En días soleados y con temperaturas más altas es más frecuente observar las conocidas “procesiones”, donde avanzan en fila siguiendo a una oruga guía. Es el momento de mayor exposición, ya que los pelos urticantes pueden desprenderse con facilidad y causar reacciones en la piel, los ojos o las vías respiratorias.
En entornos urbanos o jardines privados, esta fase exige especial precaución. Mascotas y niños pueden entrar en contacto directo con las orugas o con restos de pelos dispersos en el ambiente, aumentando el riesgo de reacciones adversas.

Factores que alteran el ciclo de vida
Las variaciones climáticas influyen directamente en el calendario biológico de la procesionaria.

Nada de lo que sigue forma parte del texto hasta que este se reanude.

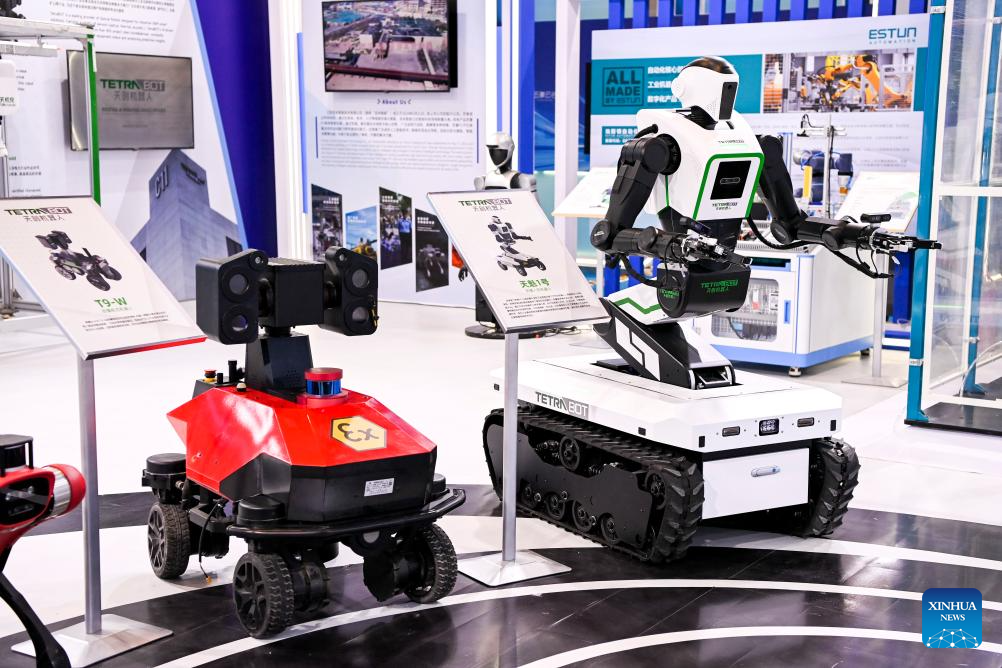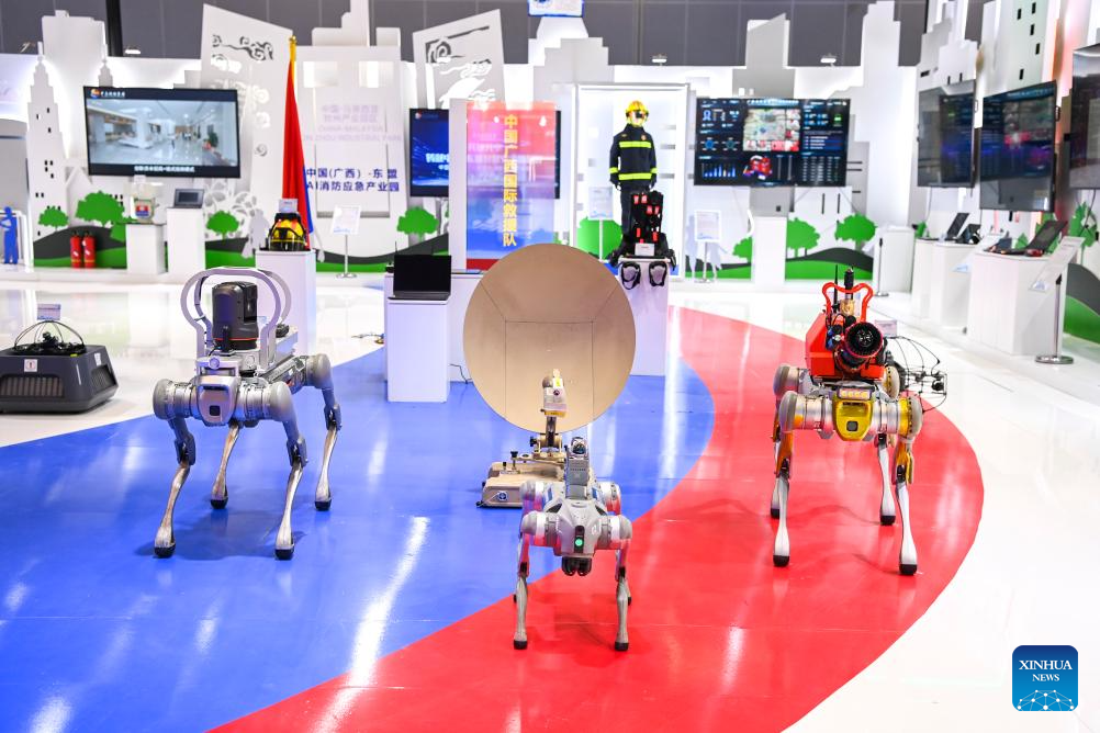 NANNING, 17 septiembre, 2025 (Xinhua) -- Dispositivos de extinción de incendios con tecnología de inteligencia artificial son vistos en el Centro Internacional de Convenciones y Exposiciones de Nanning, en Nanning, en la región autónoma de la etnia zhuang de Guangxi, en el sur de China, el 17 de septiembre de 2025. La 22ª Exposición China-ASEAN y a la Cumbre de Negocios e Inversiones China-ASEAN comenzaron aquí el miércoles. (Xinhua/Cao Yiming)

Inviernos menos intensos pueden adelantar tanto el desarrollo larvario como el descenso al suelo, modificando las fechas que tradicionalmente se consideraban habituales.
En zonas urbanas, donde se generan microclimas más cálidos, el ciclo puede acelerarse respecto a áreas forestales más frías. Esto explica por qué en determinadas localidades se observan procesiones antes de lo previsto.
La capacidad de algunas crisálidas para permanecer más tiempo enterradas introduce cierta irregularidad interanual. Esta característica hace recomendable realizar seguimientos periódicos para ajustar cualquier intervención al momento más adecuado.
Actuación en el momento adecuado
Cada fase del ciclo presenta un nivel distinto de vulnerabilidad frente a los tratamientos. Intervenir cuando la plaga se encuentra en estadios tempranos resulta más eficaz que esperar al descenso de las orugas, momento en el que el riesgo ya es elevado.Una planificación correcta permite reducir la población antes de que se convierta en un problema visible.
En nuestra empresa de control de plagas se aplican soluciones adaptadas al calendario biológico de cada zona, priorizando la prevención y la seguridad en comunidades, jardines y espacios públicos.

Preguntas frecuentes sobre el ciclo de vida de la procesionaria
¿Puede variar la fecha de bajada de la procesionaria cada año?
Sí, depende principalmente de la temperatura acumulada durante el invierno.
¿Todas las orugas bajan al mismo tiempo?
No necesariamente. Puede haber descensos escalonados según el desarrollo de cada colonia.
¿Cuánto tiempo tardan en convertirse en mariposa tras enterrarse?
Normalmente varios meses, hasta el verano, aunque algunas pueden retrasar su emergencia.
¿Es posible que haya procesionaria incluso si no se ven bolsones?
Sí, especialmente en fases tempranas o cuando los nidos están en zonas altas poco visibles.
¿El frío intenso elimina la plaga por completo?
Las temperaturas muy bajas pueden reducir poblaciones, pero no garantizan su desaparición total.